Les élèves découvrent ensuite une copie du premier scaphandre à pieds lourds inventé par le Chevalier de Beauve en 1715. Il faut savoir que dès l’Antiquité, l’Homme essaie d’aller sous l’eau et d’y rester le plus longtemps possible. Le scaphandre ne permet pas une plongée autonome car il est alimenté en air de surface par un soufflet. Seules les plongées verticales sont possibles. François nous propose de regarder sur tablette un extrait du film « Ridicule » qui met en scène ce scaphandre.

François questionne les élèves afin qu’ils décrivent le problème de la vision sous l’eau : elle est floue car notre œil est adapté à une vision dans l’air. Il a fallu inventé des objets permettant à l’oeil d’être en contact avec de l’air même sous l’eau. Nous avons pu observer de nombreux masques, mais l'objet le plus ancien qui a permis à Frédéric Dumas de découvrir le monde sous-marin en 1936 est une petite paire de lunettes en bois utilisée par les pêcheurs de corail.
L’Homme est adapté pour respirer dans l’air mais sous l’eau, sans équipement il faut interrompre sa respiration : c’est la plongée en apnée. Elle ne peut pas durer très longtemps. Il faut alors utiliser un tuba qui permet qui permet de respirer par la bouche et de rester en surface. François nous a montré un tuba réalisé dans les années 1950 avec un morceau de tuyau en caoutchouc tenu courbé avec une corde à piano. Pour plonger plus profond il faut utiliser des bouteilles dans lesquelles l’air est comprimé. Elles sont équipées d’un détendeur qui permet au plongeur de respirer à la bonne pression quand il le souhaite.

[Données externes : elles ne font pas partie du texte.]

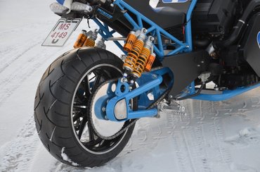 A V8 egy mechanikus kuplungon keresztül három inch-es szíjjal hatja a hátsó kereket - váltót meg építsen az, akinek nincs elég teljesítménye a direkt hajtáshoz. A rettenetes kerékpárhoz egyedi vázat gyártottak, és mivel nem találtak ehhez a tömeghez megfelelő erősségű motorkerékpár futóművet, egyszerűen duplán vettek mindenből, így elöl összesen négy darab Hayabusa telószár, hátul pedig ugyanannyi Öhlins rugóstag próbálja alátámasztani a ProBoost M1-et.
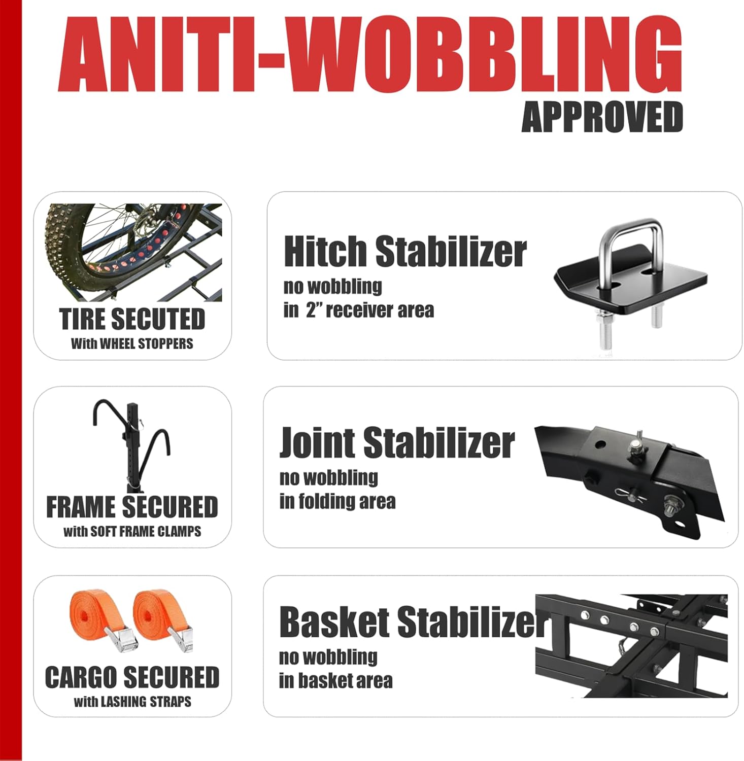 - SAFE & STABLE: Soft frame clamps, 2 lashing straps and wheel stoppers keep bikes and cargos safe during transport. Three stabilizers prevent rattling and wobbling on the road
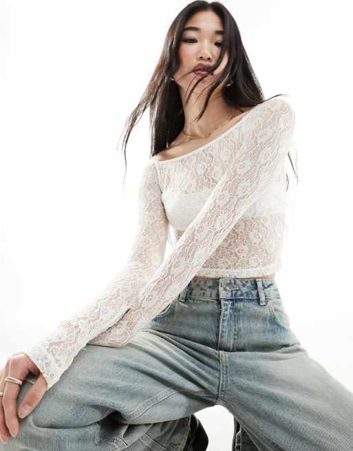 Stradivarius off shoulder lace detail long sleeve top in ecru
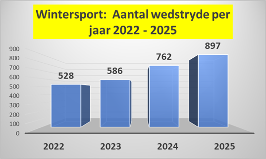 Ons werk sedert 2022 baie hard om die sport by ons skool te verbeter en meer geleenthede vir ons leerders te skep. Graag deel ek met julle ‘n bietjie wintersport-statistieke (hokkie, netbal & rugby) om die vooruitgang en ontwikkeling van sport by ons skool sedert 2022 te bevestig. Ons leerders het gedurende die 2025-wintersportseisoen (Kwartale 2 en 3) aan 897 wedstryde deelgeneem; dit sluit natuurlik liga-wedstryde, sportdae en toernooie in. Ek dink dit is merkwaardig en ‘n welverdiende kompliment aan die sportkantoor onder leiding van ons Hoof van Sport, mnr. Leon, wat weer vanjaar seker gemaak het dat ons Jannies voldoende wedstrydblootstelling en goeie afrigting ontvang. Sien gerus hier onder die grafiese illustrasie van die aantal wintersportwedstryde per jaar wat vanaf 2022 tot 2025 plaasgevind het. Daar was sedert 2022 tot 2025 ‘n toename van 69,8% in die aantal wintersportwedstryde waaraan ons deelgeneem het.
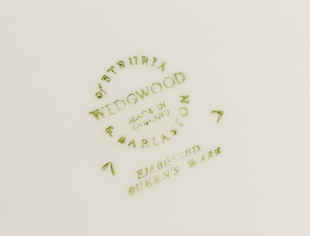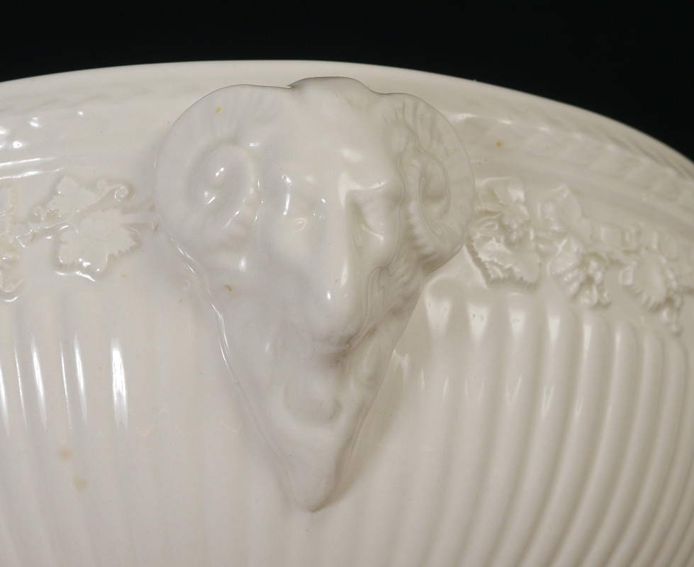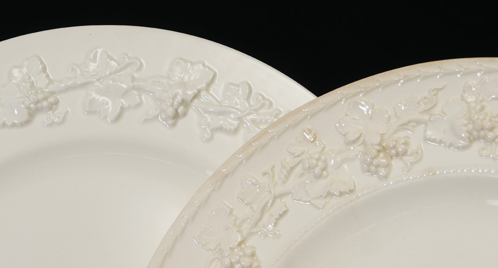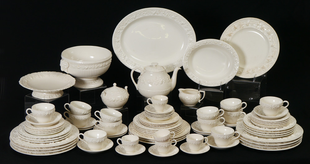 WEDGWOOD QUEEN'S WARE CREAM ON CREAM: Embossed Queensware grape vine design. Approx. 76 pieces to include 10 dinner plates, 11 salad plates, 11 bread plates, 12 cups, 12 saucers, open vegetable bowl, creamer, covered sugar, rams head salad bowl, 5 demitasse cups with 8 saucers, a 9 1/2'' dia. compote with ruffle edge, 14 1/2'' platter, and the teapot.

La plongée autonome a permis le mouvement dans les 3 dimensions, le plongeur utilise des palmes qui ont d’abord été appelées nageoires. On observe des prototypes de différentes palmes faites à la main et en caoutchouc et en tissu.

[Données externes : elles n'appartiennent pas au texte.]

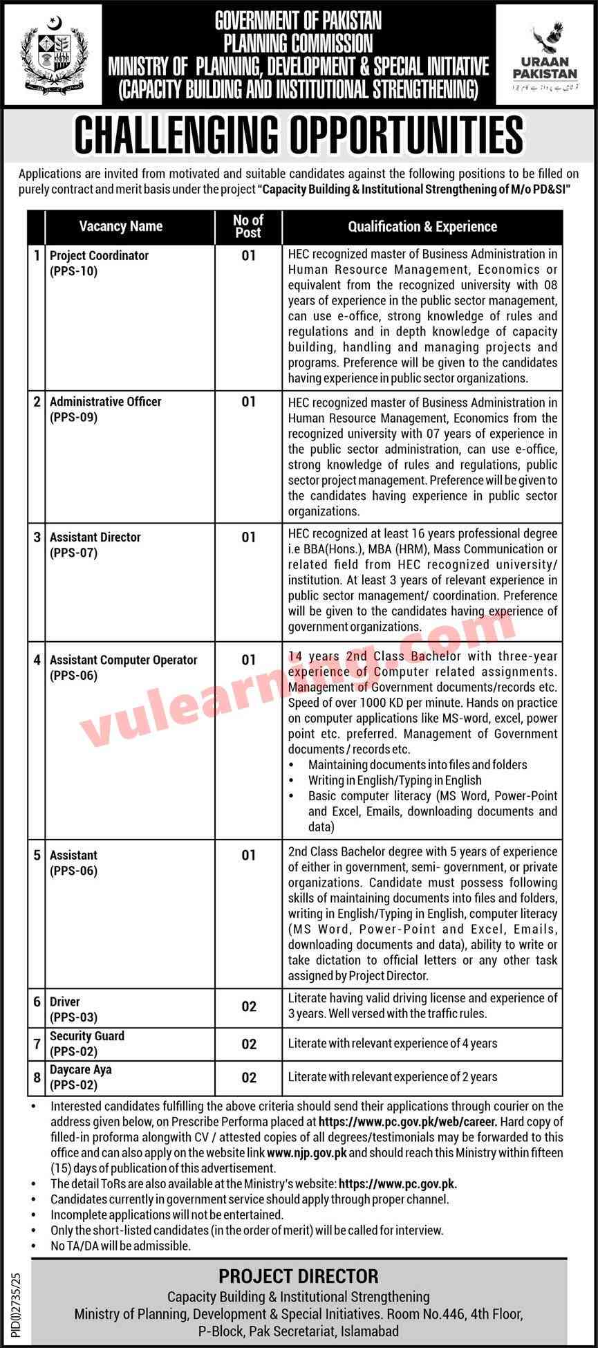 Advertisement of Planning Commission of Pakistan Jobs 2025 for Drivers, Security Guards, Aya, Computer Operator, Assistant & Others-294891
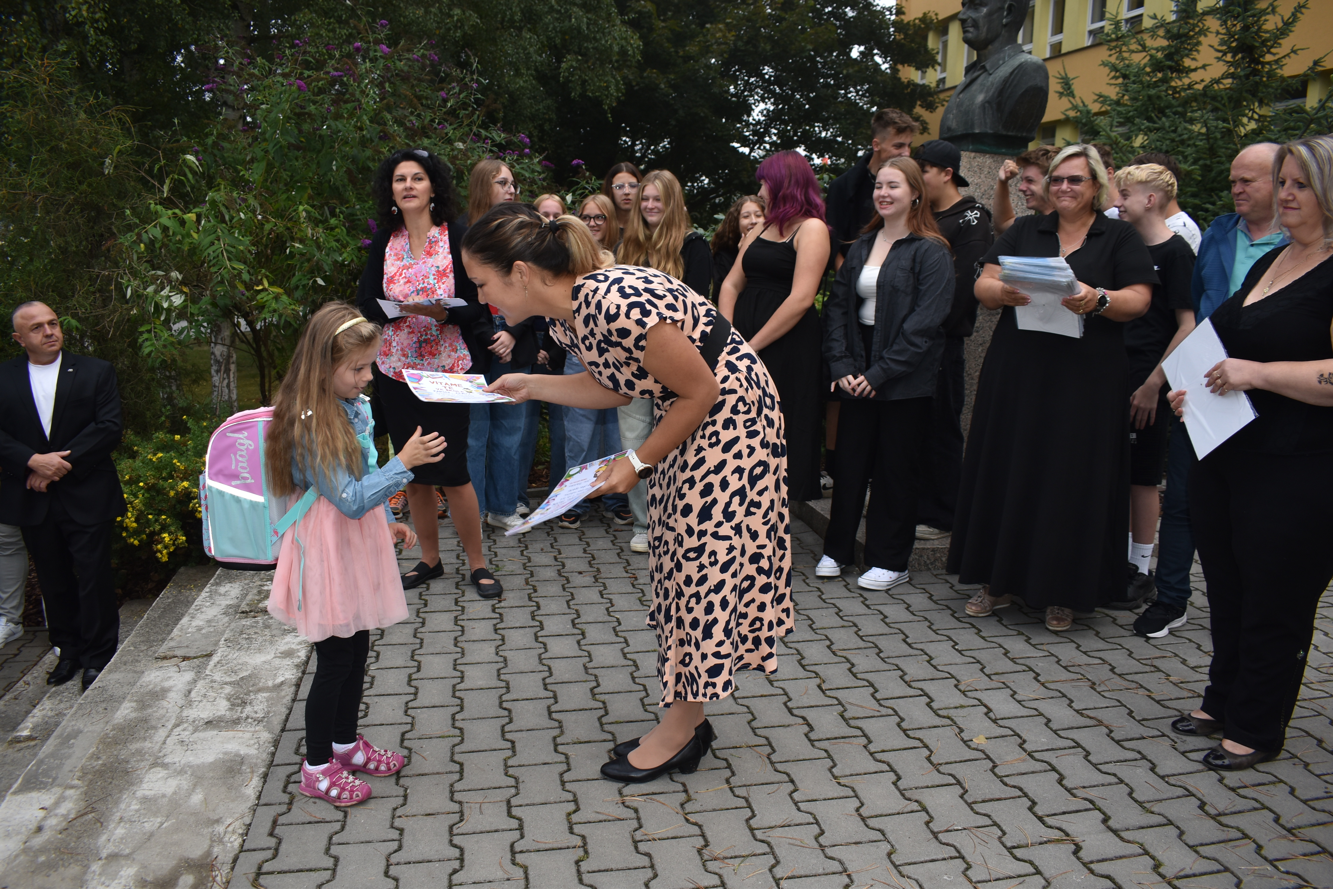 Prvního září proběhlo slavnostní uvítání prvňáčků do školních lavic. Navzájem se také představili se svým deváťákem-patronem. Tím se odstartoval školní rok spolupráce a kamarádství.

Pour pouvoir passer plus de temps sous l’eau, le plongeur se protège avec des combinaisons en fonction de la température de l’eau, de la profondeur et de la durée de la plongée.
François termine sa présentation en nous faisant découvrir une séquence du film « Par 18 m de fond » réalisé par J-Y Cousteau en 1942 avec les 3 Mousquemers où l’on a vu les plongeurs équipés de nageoires de dauphin en caoutchouc, d’une ceinture de plomb, d’un masque réalisé dans une vieille chambre à air et d’une arbalète bricolée pour chasser.
La suite de la visite est pédagogique et dynamique : les élèves, en équipe de 2, munis de leur fiche de travail, recherchent les objets qui ont permis de répondre aux besoins des plongeurs, ils les observent pour décrire leurs fonctions et décrivent les matériaux utilisés. Ils réalisent des photos des objets choisis, utilisent la tablette et les QR-codes présents sur les objets pour compléter leurs investigations et questionnent les membres du musée.